- **Material provided**:
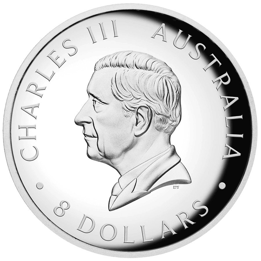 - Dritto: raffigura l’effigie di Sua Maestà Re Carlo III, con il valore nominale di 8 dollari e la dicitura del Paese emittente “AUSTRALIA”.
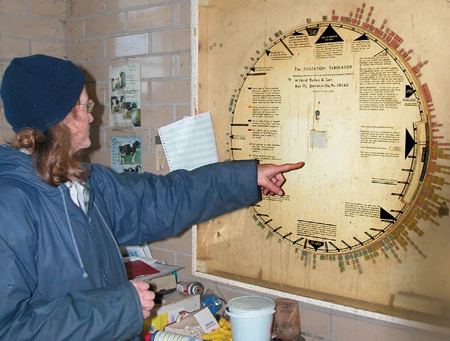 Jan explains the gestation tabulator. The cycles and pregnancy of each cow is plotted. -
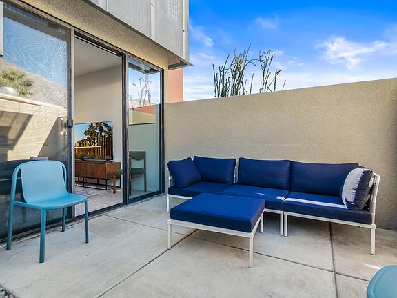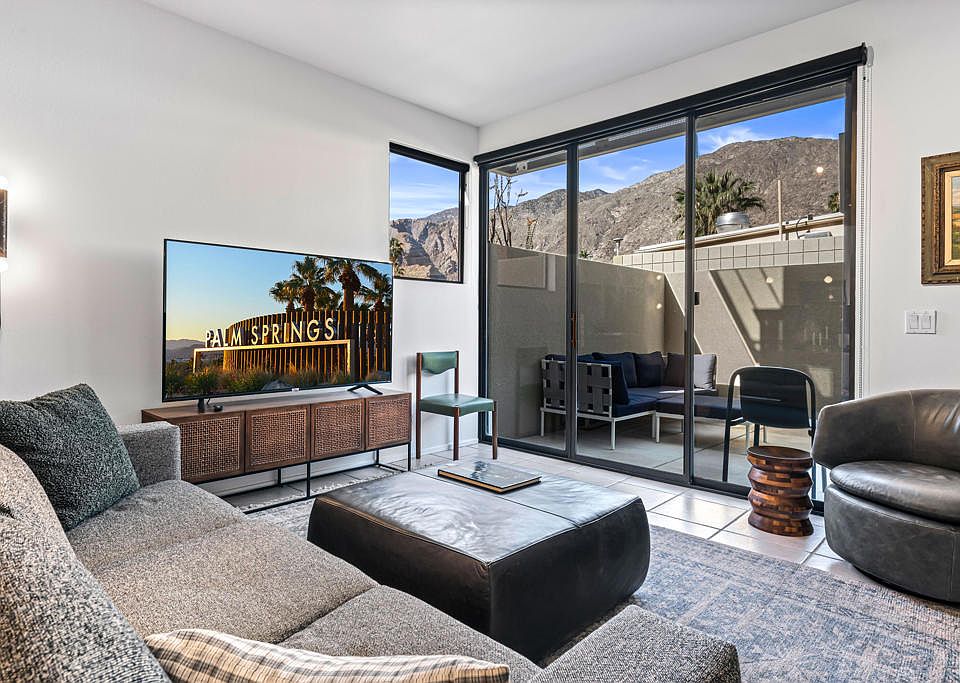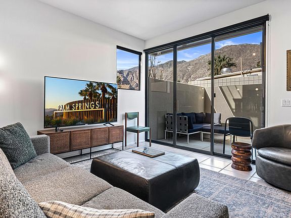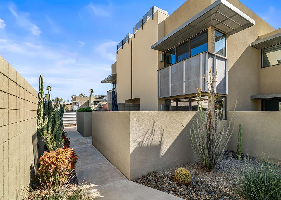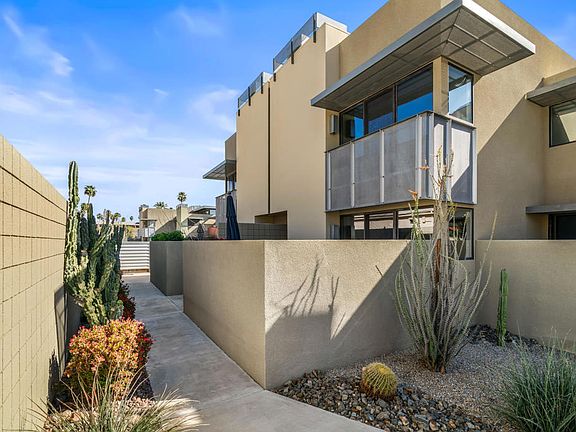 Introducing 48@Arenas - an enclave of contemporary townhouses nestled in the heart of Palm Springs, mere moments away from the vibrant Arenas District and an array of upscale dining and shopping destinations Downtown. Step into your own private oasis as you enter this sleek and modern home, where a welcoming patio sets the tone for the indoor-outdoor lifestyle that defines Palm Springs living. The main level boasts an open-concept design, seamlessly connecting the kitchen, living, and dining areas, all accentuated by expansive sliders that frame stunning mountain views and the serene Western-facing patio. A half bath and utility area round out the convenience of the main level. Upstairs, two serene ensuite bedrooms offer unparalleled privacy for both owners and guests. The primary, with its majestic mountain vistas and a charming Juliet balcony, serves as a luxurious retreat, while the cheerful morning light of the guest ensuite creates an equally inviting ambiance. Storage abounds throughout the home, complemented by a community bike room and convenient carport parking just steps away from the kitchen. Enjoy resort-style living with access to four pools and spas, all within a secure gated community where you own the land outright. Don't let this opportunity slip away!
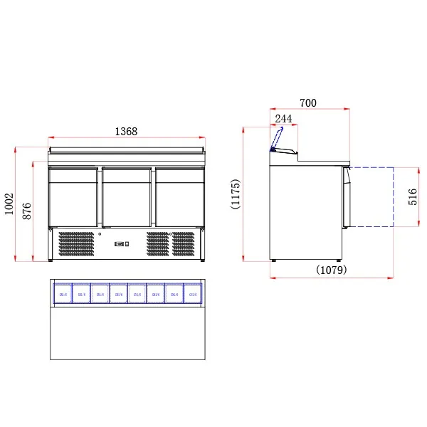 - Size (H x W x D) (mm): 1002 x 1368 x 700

- **Work instructions**:
Begin at the top of the material above and output each line exactly, stopping after the line that holds "Jan explains the". Leave out pictures.

- **The completed task**:
 - Dritto: raffigura l’effigie di Sua Maestà Re Carlo III, con il valore nominale di 8 dollari e la dicitura del Paese emittente “AUSTRALIA”.
 Jan explains the gestation tabulator. The cycles and pregnancy of each cow is plotted. -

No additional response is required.